> TASK ITEM
Repeat only the lines below that run from the line with "In this paper, we" to the line with "健康讲座后,花艺沙龙温馨启幕", ends included; skip every picture.

> INPUT RECORDS
****
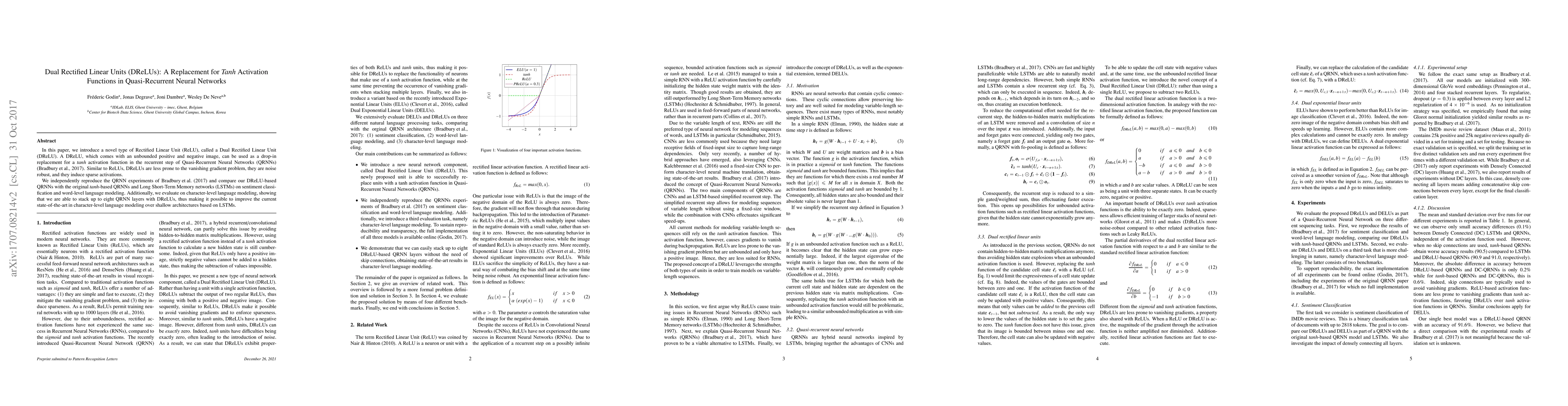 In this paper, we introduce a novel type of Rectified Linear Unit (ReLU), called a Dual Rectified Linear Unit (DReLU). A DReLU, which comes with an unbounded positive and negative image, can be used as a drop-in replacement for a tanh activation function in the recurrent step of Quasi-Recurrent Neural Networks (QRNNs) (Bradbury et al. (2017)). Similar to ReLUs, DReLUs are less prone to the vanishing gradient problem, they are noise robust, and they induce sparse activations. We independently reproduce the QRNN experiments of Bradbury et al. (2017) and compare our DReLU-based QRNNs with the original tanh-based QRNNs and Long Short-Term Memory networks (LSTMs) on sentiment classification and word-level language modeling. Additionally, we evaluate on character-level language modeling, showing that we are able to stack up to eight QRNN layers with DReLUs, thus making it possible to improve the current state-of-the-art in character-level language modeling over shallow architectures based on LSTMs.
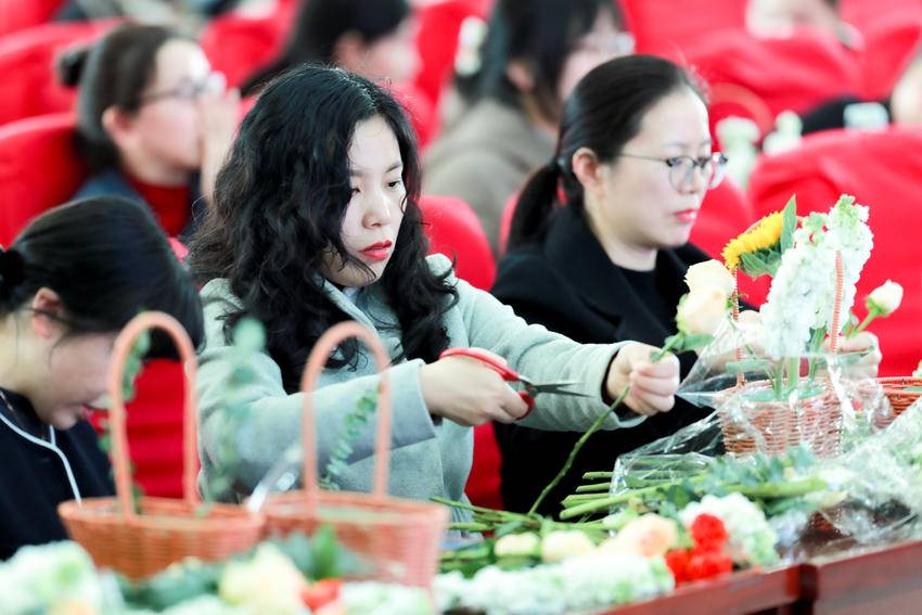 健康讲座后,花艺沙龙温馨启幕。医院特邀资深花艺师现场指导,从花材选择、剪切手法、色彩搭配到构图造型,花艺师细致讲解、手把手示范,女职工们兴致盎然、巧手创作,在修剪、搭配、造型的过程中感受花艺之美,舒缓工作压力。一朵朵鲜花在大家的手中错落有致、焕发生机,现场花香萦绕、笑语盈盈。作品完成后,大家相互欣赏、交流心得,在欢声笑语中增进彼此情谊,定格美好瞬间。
****
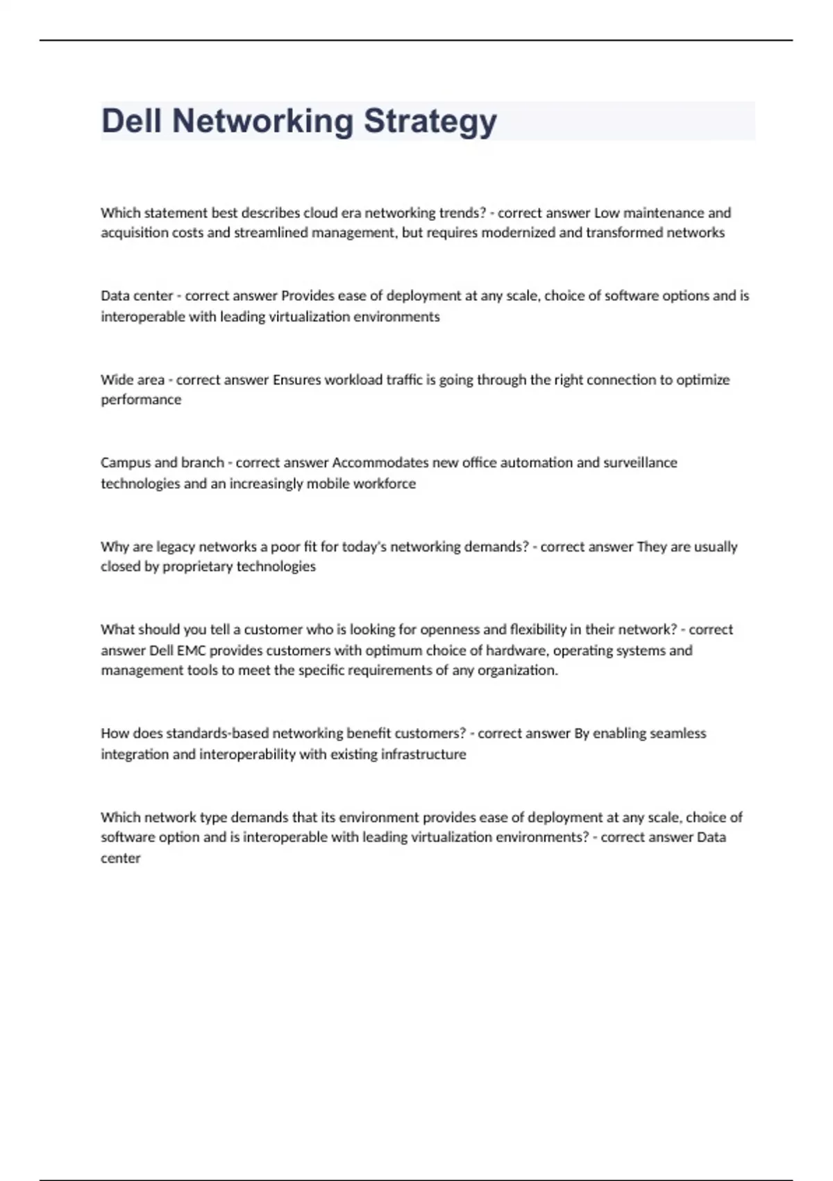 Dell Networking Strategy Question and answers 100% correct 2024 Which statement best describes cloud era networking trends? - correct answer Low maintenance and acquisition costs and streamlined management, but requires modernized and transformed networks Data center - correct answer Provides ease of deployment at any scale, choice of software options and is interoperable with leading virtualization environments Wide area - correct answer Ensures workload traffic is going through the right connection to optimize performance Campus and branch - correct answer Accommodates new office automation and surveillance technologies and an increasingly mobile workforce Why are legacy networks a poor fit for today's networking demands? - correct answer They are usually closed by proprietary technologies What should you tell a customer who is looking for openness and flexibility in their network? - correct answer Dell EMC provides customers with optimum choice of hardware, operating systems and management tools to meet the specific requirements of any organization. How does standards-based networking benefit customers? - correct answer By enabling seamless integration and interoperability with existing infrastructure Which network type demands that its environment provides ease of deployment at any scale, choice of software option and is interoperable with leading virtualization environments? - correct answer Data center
****
> RESPONSE AREA
 In this paper, we introduce a novel type of Rectified Linear Unit (ReLU), called a Dual Rectified Linear Unit (DReLU). A DReLU, which comes with an unbounded positive and negative image, can be used as a drop-in replacement for a tanh activation function in the recurrent step of Quasi-Recurrent Neural Networks (QRNNs) (Bradbury et al. (2017)). Similar to ReLUs, DReLUs are less prone to the vanishing gradient problem, they are noise robust, and they induce sparse activations. We independently reproduce the QRNN experiments of Bradbury et al. (2017) and compare our DReLU-based QRNNs with the original tanh-based QRNNs and Long Short-Term Memory networks (LSTMs) on sentiment classification and word-level language modeling. Additionally, we evaluate on character-level language modeling, showing that we are able to stack up to eight QRNN layers with DReLUs, thus making it possible to improve the current state-of-the-art in character-level language modeling over shallow architectures based on LSTMs.
 健康讲座后,花艺沙龙温馨启幕。医院特邀资深花艺师现场指导,从花材选择、剪切手法、色彩搭配到构图造型,花艺师细致讲解、手把手示范,女职工们兴致盎然、巧手创作,在修剪、搭配、造型的过程中感受花艺之美,舒缓工作压力。一朵朵鲜花在大家的手中错落有致、焕发生机,现场花香萦绕、笑语盈盈。作品完成后,大家相互欣赏、交流心得,在欢声笑语中增进彼此情谊,定格美好瞬间。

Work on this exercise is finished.